Studies have shown that the effect of the fat mass and obesity-associated gene(FTO) on obesity is modulated by dietary factors in several populations(Reference Phillips, Kesse-Guyot and McManus1); however, to date, there has been only one study that has been conducted in the Turkish population(Reference Buyuktuncer, Dagdelen and Ozdemir2). Hence, we aimed to determine whether two single nucleotide polymorphisms (SNPs) in the FTO gene (rs9939609 and rs10163409) are associated with obesity-related traits and to assess whether these associations were modified by lifestyle factors including physical activity and macronutrient intake in the Turkish population.
The study included 200 obese and 200 non-obese individuals in Turkey. Dietary intakes were assessed using 24-hour dietary recall. Levels of physical activity were measured based on self-report questionnaires. Statistical analysis was performed using the SPSS software. Logistic and general linear models were used to determine the independent and joint, genetic risk score (GRS), effect of FTO SNPs on the risk of obesity and its related traits, respectively. Furthermore, interactions were tested by including the interaction terms in the regression models.
The SNP rs9939609 and GRS were significantly associated with body mass index (BMI) and fat mass index (FMI), after correction for multiple testing. Carriers of the risk allele ‘A’ of the SNP rs9939609 had significantly higher BMI and FMI compared to ‘TT’ homozygotes (P = 0.001 and P = 0.002, respectively). In the GRS analysis, carriers of two or more risk alleles of the FTO variants had higher BMI and FMI compared to individuals carrying less than two risk alleles (P = 0.002 and P = 0.003, respectively). A significant interaction was observed between the SNP rs9939609 and physical activity levels on adiponectin concentrations (Pinteraction= 0.027). Among individuals with low physical activity levels, carriers of the risk allele ‘A’ of this SNP had significantly lower adiponectin concentrations than homozygous individuals for ‘TT’ genotype (P = 0.006).

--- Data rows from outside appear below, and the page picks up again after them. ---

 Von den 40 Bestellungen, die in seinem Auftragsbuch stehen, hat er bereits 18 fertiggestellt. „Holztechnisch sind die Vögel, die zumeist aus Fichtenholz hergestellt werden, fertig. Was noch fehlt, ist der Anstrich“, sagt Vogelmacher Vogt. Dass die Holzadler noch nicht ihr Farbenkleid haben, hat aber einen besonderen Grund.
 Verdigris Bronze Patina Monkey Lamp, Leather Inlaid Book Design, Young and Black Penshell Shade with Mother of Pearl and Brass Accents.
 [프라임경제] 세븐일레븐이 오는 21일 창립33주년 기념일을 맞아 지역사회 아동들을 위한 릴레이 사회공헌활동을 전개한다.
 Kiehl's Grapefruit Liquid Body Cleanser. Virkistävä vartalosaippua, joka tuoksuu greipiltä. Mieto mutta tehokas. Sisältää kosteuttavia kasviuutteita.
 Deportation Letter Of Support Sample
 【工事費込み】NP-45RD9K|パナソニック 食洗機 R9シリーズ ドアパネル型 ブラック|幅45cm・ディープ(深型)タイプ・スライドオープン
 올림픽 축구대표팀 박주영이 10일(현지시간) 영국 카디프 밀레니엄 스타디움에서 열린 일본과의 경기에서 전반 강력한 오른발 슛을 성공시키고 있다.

Furthermore, there was a significant interaction between the SNP rs10163409 and protein intake on increased waist circumference (WC) (Pinteraction= 0.044). Among individuals in the highest tertile of protein intake, carriers of the minor allele ‘T’ of the SNP rs10163409 had a significantly higher risk of increased WC than those with ‘AA’ genotype (P = 0.027).

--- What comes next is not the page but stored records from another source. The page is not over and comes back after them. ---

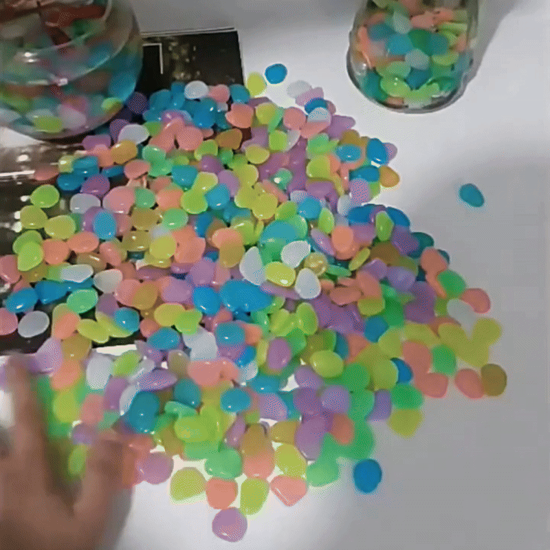 Transform your garden or decoration into a magical sea of lights with the glow stones for garden & decoration. These phosphorescent pebbles charge up with sunlight during the day and glow with a beautiful, soft light at night. Available in different colours, they are the perfect choice to add a unique atmosphere to your outdoor area or decorative elements.
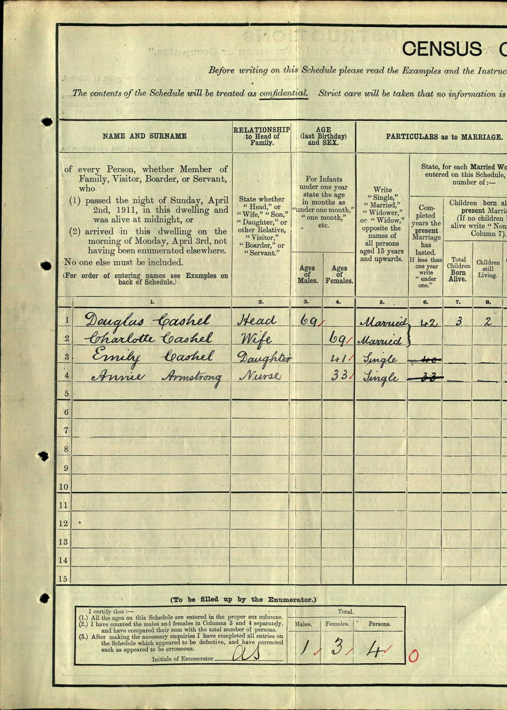 Douglas and Charlotte had issue (1911 census shows this is complete list of children):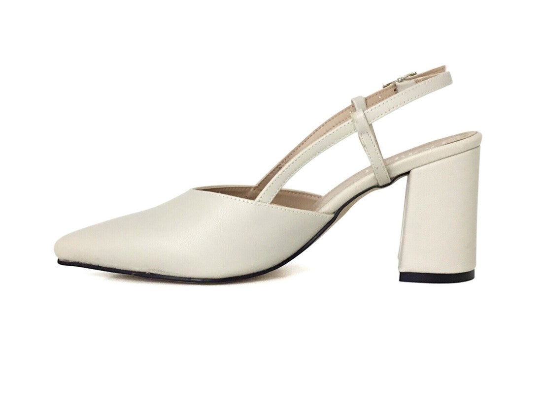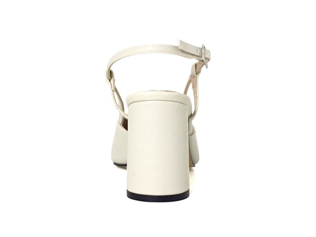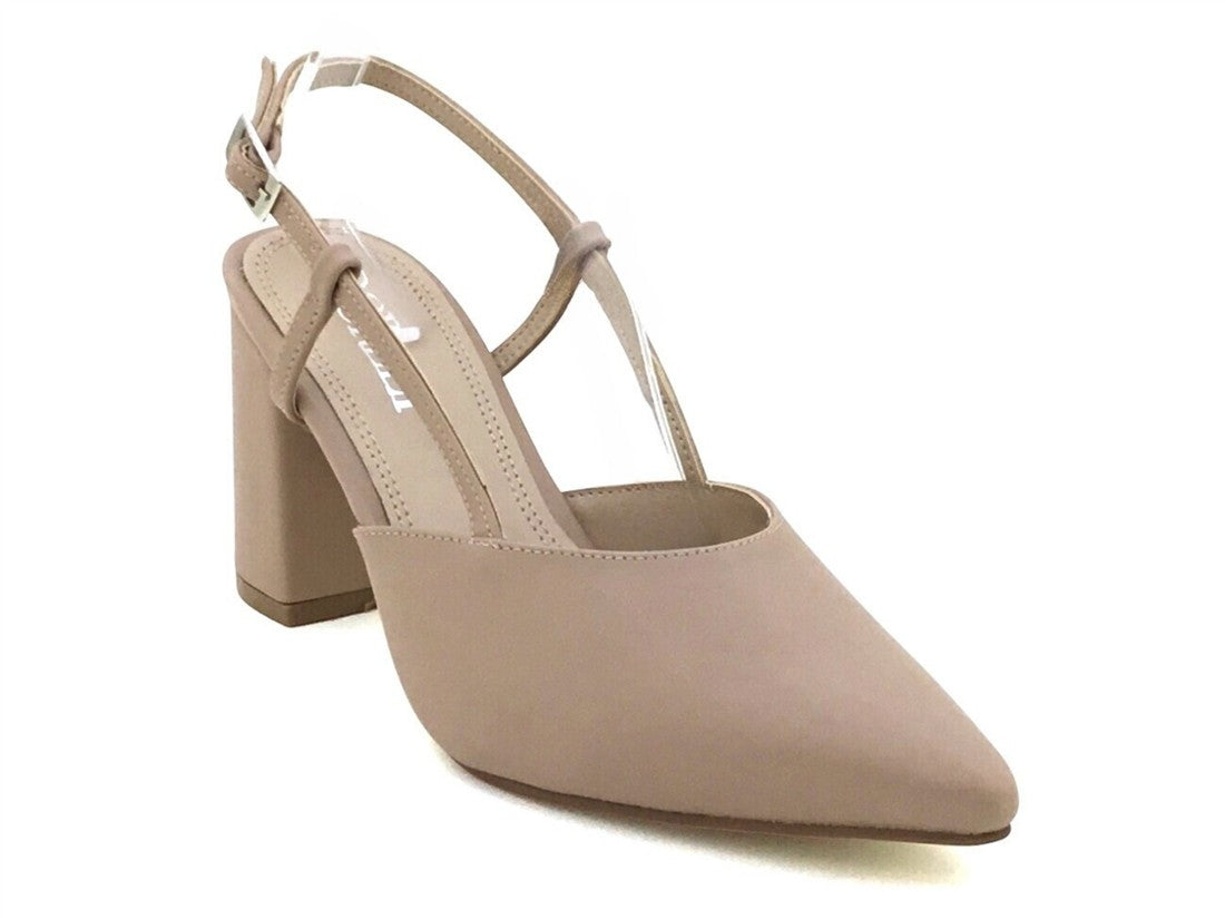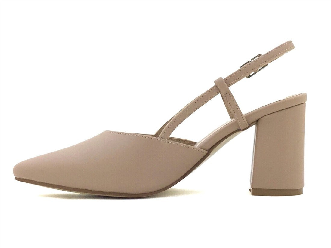 SANDALIA DE TACON DESTALONADA CON PUNTERA TRIANGULAR Y AJUSTE DE CINCHO CON HEBILLA EN TALON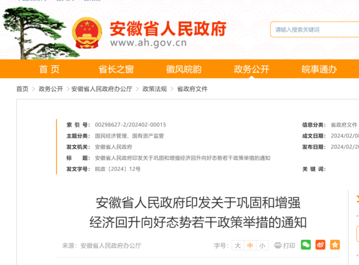 2月20日,安徽省人民政府网发布《关于巩固和增强经济回升向好态势若干政策举措》,出台八个方面共30条措施,着力解决当前企业生产经营中存在的痛点、难点、堵点,让政策“及时雨”更快更精准地惠及经营主体。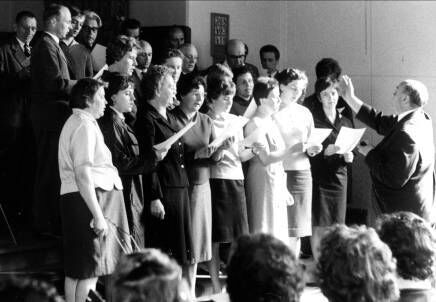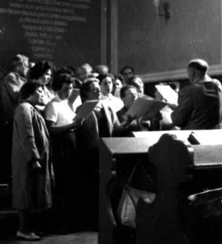 Spojené pěvecké sbory ze Šumperka, Hrabové, Zábřehu, diriguje s. Ženatá; Hrabová 24. května 1964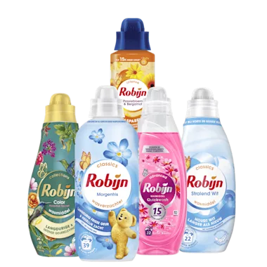 Bijv. Robijn classics Wasverzachter morgenfris, 3 flessen à 39 wasbeurten van 20.34 voor 6.78.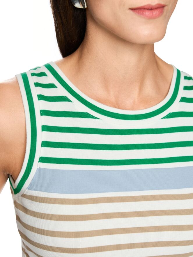 Een top van Marc Cain in een fijn geribbelde stof met een streeppatroon in de kleuren zand, bleu en groen op een roomwitte achtergrond. Langs de rand van de ronde hals en de mouwinzet is een fijn geribbelde tricot boord verwerkt. Deze top kan op 30 graden worden gewassen.

Our study in this Turkish population has demonstrated that the risk allele ‘A’ of the FTO SNP rs9939609 and GRS were significantly associated with higher BMI and FMI. It also suggests that the effect of the FTO SNPs, rs9939609 and rs10163409, on adiponectin concentrations and WC is potentially influenced by physical activity levels and dietary protein intake, respectively. However, these findings warrant a replication in other large cohorts.